WHAT THE EXERCISE ASKS:
Each entry is to be reproduced verbatim, and images are to be omitted.

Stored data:
--- START ---

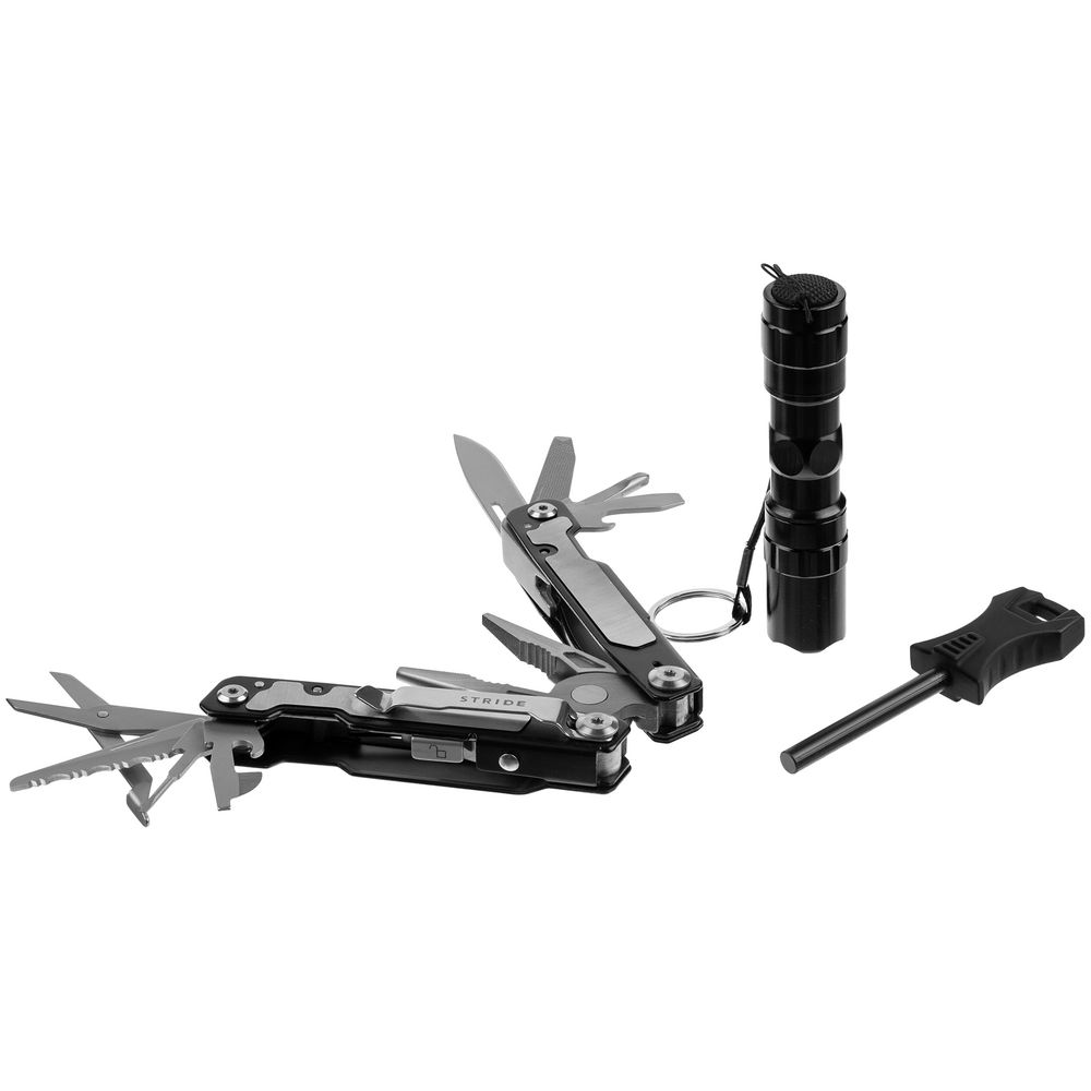 В комплекте чехол, фонарик (20 лм, работает от 1 батарейки типа АА 1,5 В, в комплект не входит) и огниво.
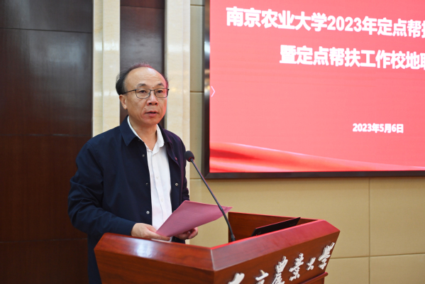 王春春对学校定点帮扶贵州省麻江县11年来的工作进行了回顾,对校地双方党政干部和广大师生群众辛勤的付出表示感谢。王春春指出,2023年是贯彻落实党的二十大精神的开局之年,是“十四五”规划承上启下的关键之年,也是学校建设农业特色世界一流大学的提速之年,全校要上下同心,共同担负起国家赋予学校的政治责任,全面推进定点帮扶和乡村振兴工作。王春春强调,要着力提高政治站位,不折不扣贯彻落实好党中央决策部署,要持续聚焦农业强国,铆足干劲推动农业强国建设开好局起好步,要切实强化责任落实,对标对表高质量完成2023年度定点帮扶目标任务。王春春号召全体师生,要在定点帮扶和乡村振兴的大舞台上,贡献“南农智慧”与“南农力量”。
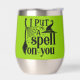 Este clásico diseño de Halloween presenta la espeluznante frase "Te pongo un hechizo" en una letra audaz de inspiración gótica. El blanco y el negro crean un ambiente sobrio, por lo que el diseño es perfecto para la temporada de Halloween. Acompañando el texto hay elementos de bruja icónica, incluyendo un gorra de bruja puntiaguda, un palo de escoba, una telaraña y una araña diminuta, todos dispuestos para crear una composición fascinante. El sutil detalle de los puntos alrededor del texto añade un toque de encanto mágico.
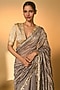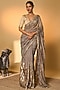 Featuring a grey saree in raw silk and zari striped tissue base with motif foil print and lace detailing. It is paired with a raw silk unstitched blouse piece having motif embroidery and foil detailing. Accentuate it with traditional kundan polki jewellery, a classic potli bag and elegant heels for a stylish ensemble, ideal for wedding ceremonies, festive occasions or grand family celebrations.
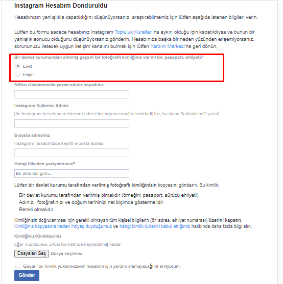 İnstagram hesabım donduruldu veya geçici süreliğine dondurdunuz ve tekrar giriş yapamıyor iseniz, şifrenizi unuttuğunuz için yada giriş yaptığınızda hesabınızın askıda olduğunu bildiren bir uyarı metni görüyorsanız aşağıdaki işlemleri yapabilirsiniz.
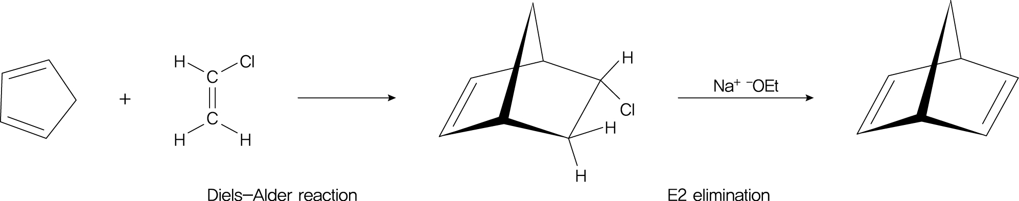반응은 먼저 Diels-Alder 반응으로 bicyclic 염소 치환체를 형성한 뒤, sodium ethoxide와 같은 염기 처리에 의해 염소가 제거되고 이중결합이 형성되면서 최종적으로 norbornadiene이 얻어진다.
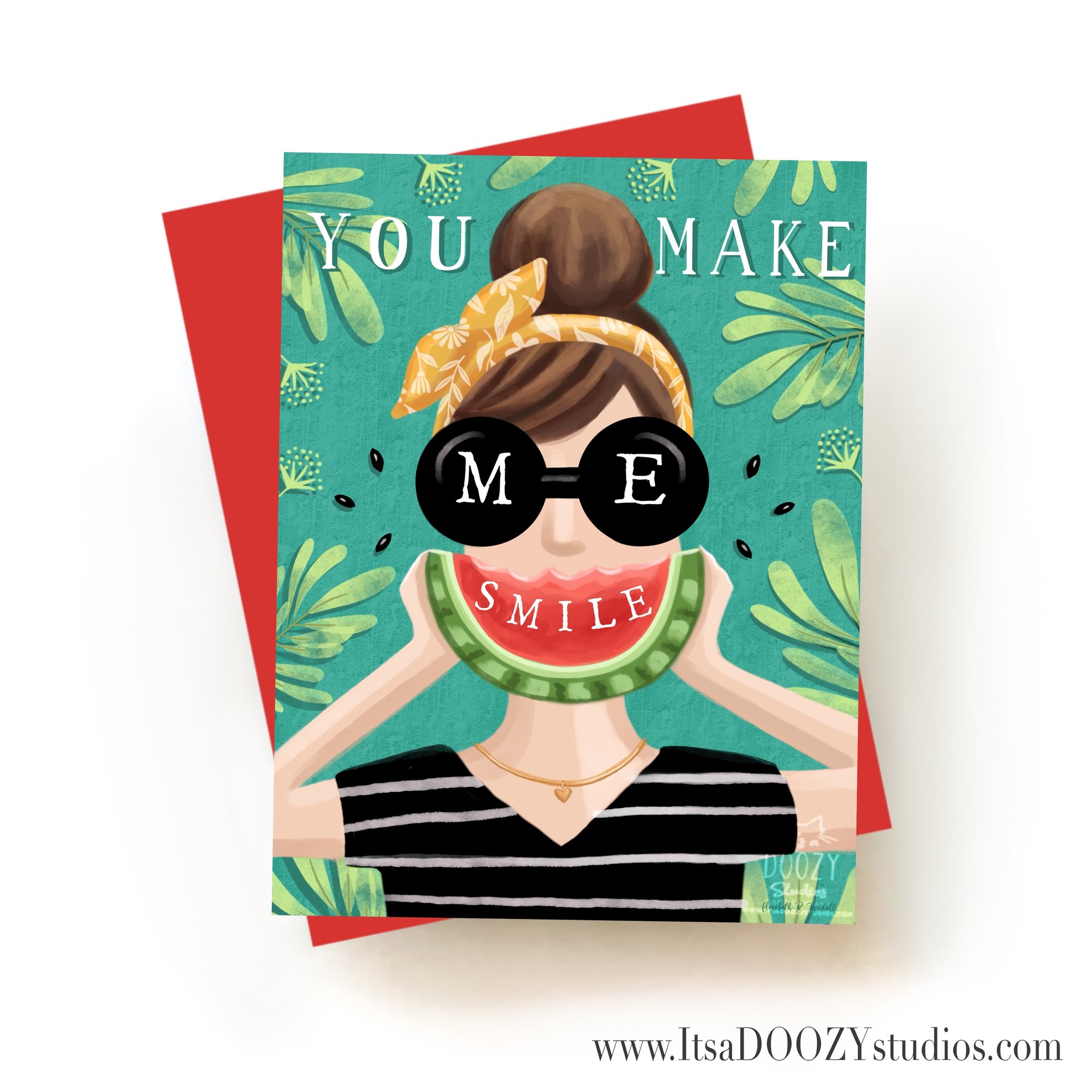 For some reason, I’ve always wanted to create a card with a girl holding up a slice of watermelon as a smile…don’t ask me why…I guess it’s the mind of an artist!
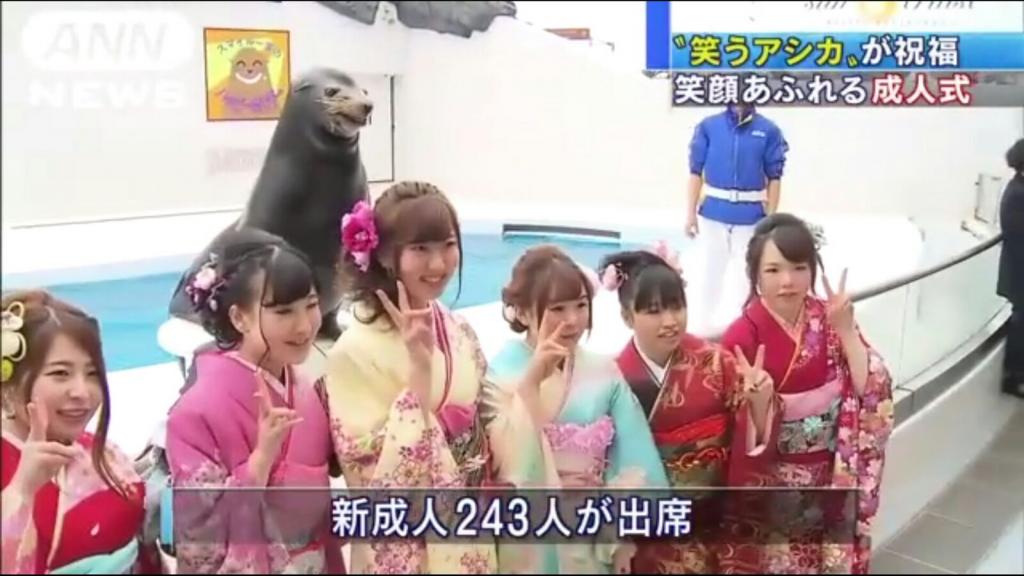 今日是日本的成人之日,水族館原來自 14 年前起就免費招待新成人(滿 20 歲)入場。海獅明星會跟新成人們合照,今年就有 243 人出席活動啦,認真辛苦幾位海獅明星了。3 隻可愛海獅明星笑容都唔一樣,其實會唔會係人扮?
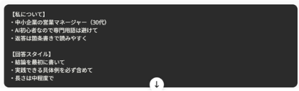 自分向きに一度設定すれば、毎回説明しなくても自分向けの回答を返してくれるようになります。

--- END ---

TASK RESULT:
 В комплекте чехол, фонарик (20 лм, работает от 1 батарейки типа АА 1,5 В, в комплект не входит) и огниво.
 王春春对学校定点帮扶贵州省麻江县11年来的工作进行了回顾,对校地双方党政干部和广大师生群众辛勤的付出表示感谢。王春春指出,2023年是贯彻落实党的二十大精神的开局之年,是“十四五”规划承上启下的关键之年,也是学校建设农业特色世界一流大学的提速之年,全校要上下同心,共同担负起国家赋予学校的政治责任,全面推进定点帮扶和乡村振兴工作。王春春强调,要着力提高政治站位,不折不扣贯彻落实好党中央决策部署,要持续聚焦农业强国,铆足干劲推动农业强国建设开好局起好步,要切实强化责任落实,对标对表高质量完成2023年度定点帮扶目标任务。王春春号召全体师生,要在定点帮扶和乡村振兴的大舞台上,贡献“南农智慧”与“南农力量”。
 Este clásico diseño de Halloween presenta la espeluznante frase "Te pongo un hechizo" en una letra audaz de inspiración gótica. El blanco y el negro crean un ambiente sobrio, por lo que el diseño es perfecto para la temporada de Halloween. Acompañando el texto hay elementos de bruja icónica, incluyendo un gorra de bruja puntiaguda, un palo de escoba, una telaraña y una araña diminuta, todos dispuestos para crear una composición fascinante. El sutil detalle de los puntos alrededor del texto añade un toque de encanto mágico.
 Featuring a grey saree in raw silk and zari striped tissue base with motif foil print and lace detailing. It is paired with a raw silk unstitched blouse piece having motif embroidery and foil detailing. Accentuate it with traditional kundan polki jewellery, a classic potli bag and elegant heels for a stylish ensemble, ideal for wedding ceremonies, festive occasions or grand family celebrations.
 İnstagram hesabım donduruldu veya geçici süreliğine dondurdunuz ve tekrar giriş yapamıyor iseniz, şifrenizi unuttuğunuz için yada giriş yaptığınızda hesabınızın askıda olduğunu bildiren bir uyarı metni görüyorsanız aşağıdaki işlemleri yapabilirsiniz.
반응은 먼저 Diels-Alder 반응으로 bicyclic 염소 치환체를 형성한 뒤, sodium ethoxide와 같은 염기 처리에 의해 염소가 제거되고 이중결합이 형성되면서 최종적으로 norbornadiene이 얻어진다.
 For some reason, I’ve always wanted to create a card with a girl holding up a slice of watermelon as a smile…don’t ask me why…I guess it’s the mind of an artist!
 今日是日本的成人之日,水族館原來自 14 年前起就免費招待新成人(滿 20 歲)入場。海獅明星會跟新成人們合照,今年就有 243 人出席活動啦,認真辛苦幾位海獅明星了。3 隻可愛海獅明星笑容都唔一樣,其實會唔會係人扮?
 自分向きに一度設定すれば、毎回説明しなくても自分向けの回答を返してくれるようになります。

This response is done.